Она порылась в сундуке, нашла широкую, в сборку, юбку, подумала и прихватила нижнюю рубаху из тонкого льняного холста — еще покойница мать пряла да ткала, хорошее полотно, до сих пор как новое, а уж сколько лет.
Хозяйка тихонько закрыла сундук, постояла над сыном, прикрыла ему ноги, ей не хотелось к гостье, и она пересилила себя, вздохнула и вышла из горенки.
Павла сидела все на том же месте, и хозяйке показалось, что она спит, но стоило ей пройти, Павла открыла глаза и стала глядеть прямо на нее.
— На вот, надень, — сказала хозяйка, протягивая ей юбку и рубаху. — Чистое, а то ведь на тебе-то уже все как земля…
Стало совсем светло, и хозяйка теперь увидела тело в струпьях, костистые руки в ссадинах и порезах, и иссохшие крепкие ноги, и въевшийся в них слой грязи.
— Да тебе вымыться надо, — тихо, как бы сама себе, — сказала хозяйка. — Давай я большой чугун нагрею, у меня двухведерник есть, да и вымоешься в сарайчике.
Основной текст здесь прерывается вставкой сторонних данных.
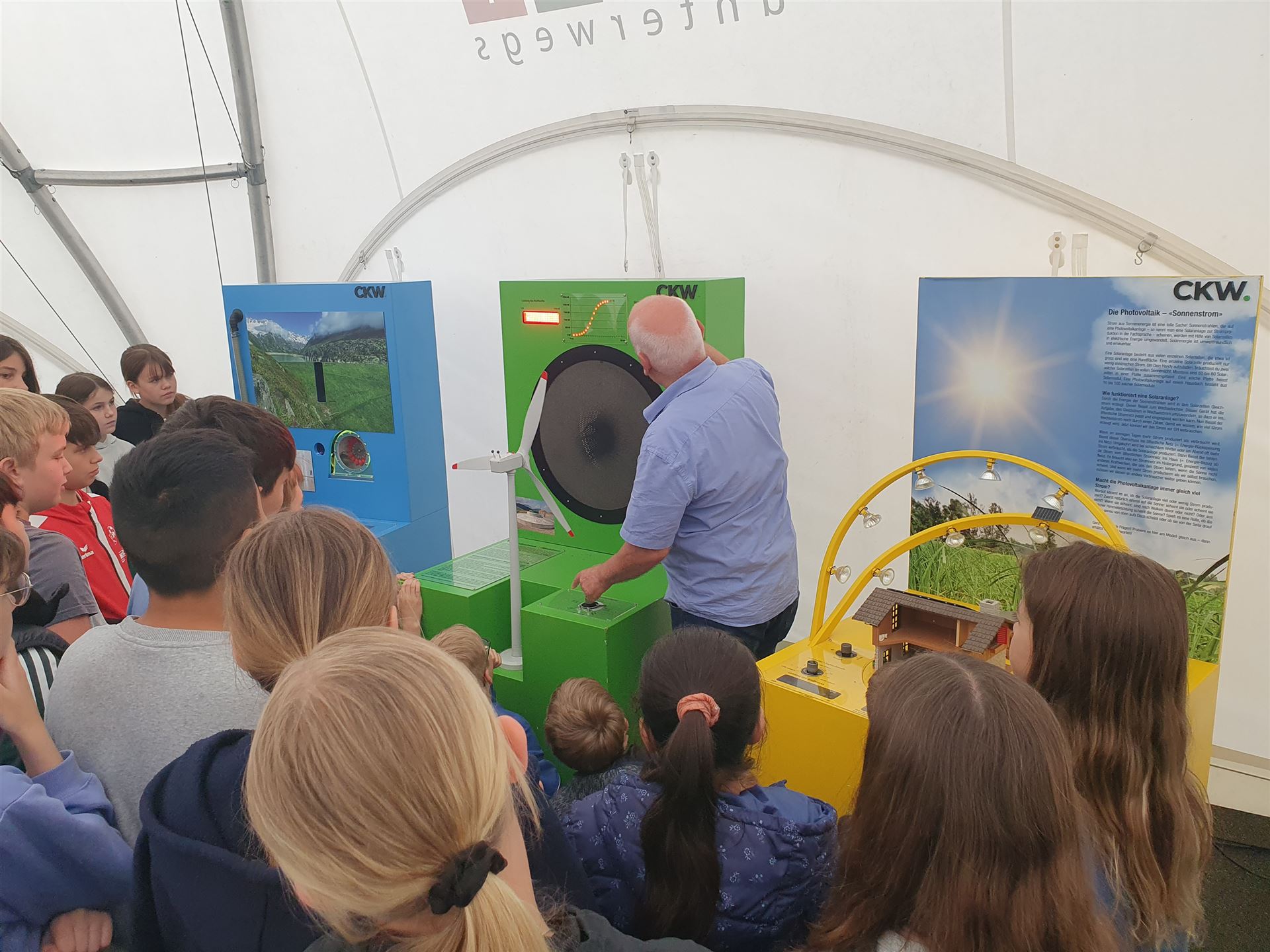 Wir durften einen Mordfall mithilfe von Feuer- und Wassertests aufklären, Pulver analysieren, Zucker verbrennen und etwas über Aggregatszustände lernen. Im MINT-Zelt gab es verschiedene Stationen wie Reaktionsspiele, Doppelkreisel und Spiegellabyrinthe. Unter anderem gab es auch von der CKW Posten mit Wasser-, Wind- und Sonnenenergie. Am Dienstag haben wir von der CKW einen Vortrag hören dürfen, welcher sehr cool und interessant war.
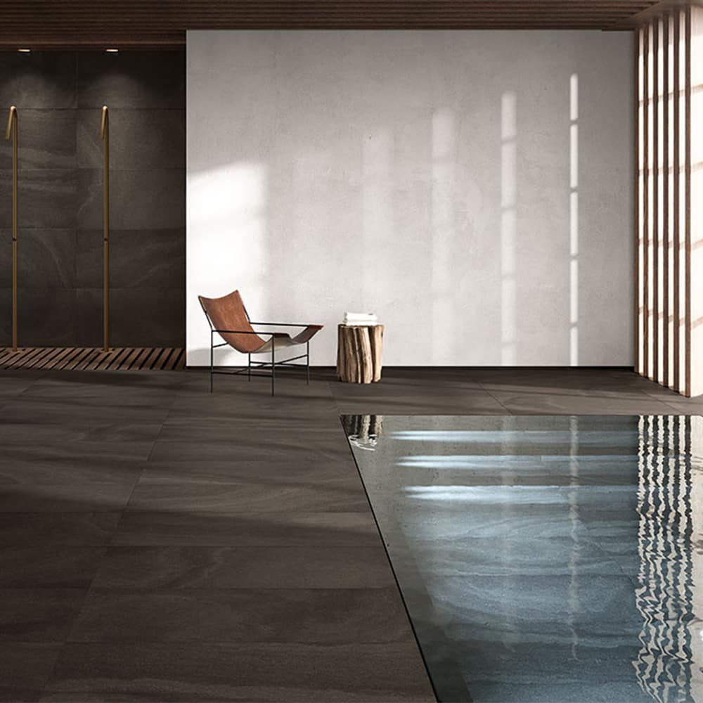 A new collection that takes its inspiration from Jura Slate, a stone common throughout central and north-western Europe, with a silky, polished surface able to bring an elegant, natural allure to any setting. Coem brings different graphics to the two sides of this stone, creating a stone-effect stoneware with two surfaces, one wax-coated and the other natural, suitable for both indoors and outdoors and able to satisfy all the technical and style requirements of project designers.

А сейчас я тебе поесть дам. Ты кваску выпей, а, горемышная?
Пришла девочка с ведром воды, остановилась у порога, прикусила палец и стала глядеть на Павлу, теперь уже совсем рассвело, все было хорошо видно; когда хозяйка согрела воды, вылила ее в ведра и сказала Павле «пойдем», та пошла. Хозяйка в одном углу сарайчика, из которого давно выветрился дух скотины (съели немцы), развернула сноп чистой соломы, поставила на него деревянное большое корыто (еще мужик долбил, на все руки был мастер) и сказала:
— На вот, ополоснись. Тут вон я тебе и обмылочек нашла. Ополоснись, ополоснись, а то от тебя дух тяжелый разит.
Павла стояла, ничего не говоря, и не шевелилась; сквозь щели в стене на нее полосами ложилось густое солнце, и острая жалость кольнула хозяйку в самое сердце. И до чего же война может человека довести… Или она дурочка какая? И хозяйка сама сняла с Павлы остатки платья, поставила ее на солому и, глядя на иссохшие груди и на тело в струпьях и в грязи, тихонько заплакала и стала ее мыть, оттирая грязь тугим пуком соломы; она вымыла ей голову, но волосы расчесать ничем не могла, она драла их потом деревянной гребенкой, смачивала холодной водой и постным маслом, которое сама нажарила из конопли, и все почему-то думала о стерве-старосте, что все к ней подкатывался и что у него совсем совести не осталось перед ее мужиком: а если Иван ее жив-здоров вернется?
18
Хозяйку звали Феней; баба здоровая и сильная, Феня тянула свою лямку, вперед других не совалась, и Павла жила у нее месяца три до самых холодов, и никто ее не трогал, Феня выдала ее за свою родственницу по отцу, из далекого села Камышовки, и Павла, немного придя в себя, стала помогать Фене по хозяйству; они носили с поля полусгнившие снопы пшеницы, оставшейся неубранной, сушили их на печи и вымолачивали в сарае пральниками потемневшее зерно; запасали дрова на зиму и носили их вязками на себе из ближних лугов, поросших мелким дубняком и орешником, потом на старой колоде рубили их, связывали крученками из соломы и складывали в одно место. Когда было еще тепло, Павла помогла Фене подмазать кое-где оббившуюся хату, помогла выкопать и убрать все с огорода; говорили, что с весны немцы раздадут всю землю по душам, как это было еще до колхозов, раздадут и только назначат налог. Павла постепенно оттаивала, и Феня к ней потихоньку привыкла, и дети привыкли, только Феня долгое время боялась оставлять Павлу с детьми, и особенно с мальчиком; по ночам Феня слышала, как Павла плачет, и тогда она подходила к ней и трясла за плечо:
— Ты хоть расскажи, оно легче станет. Ты дура-баба, поверь мне, — просила она. — Ну расскажи, не держи в себе.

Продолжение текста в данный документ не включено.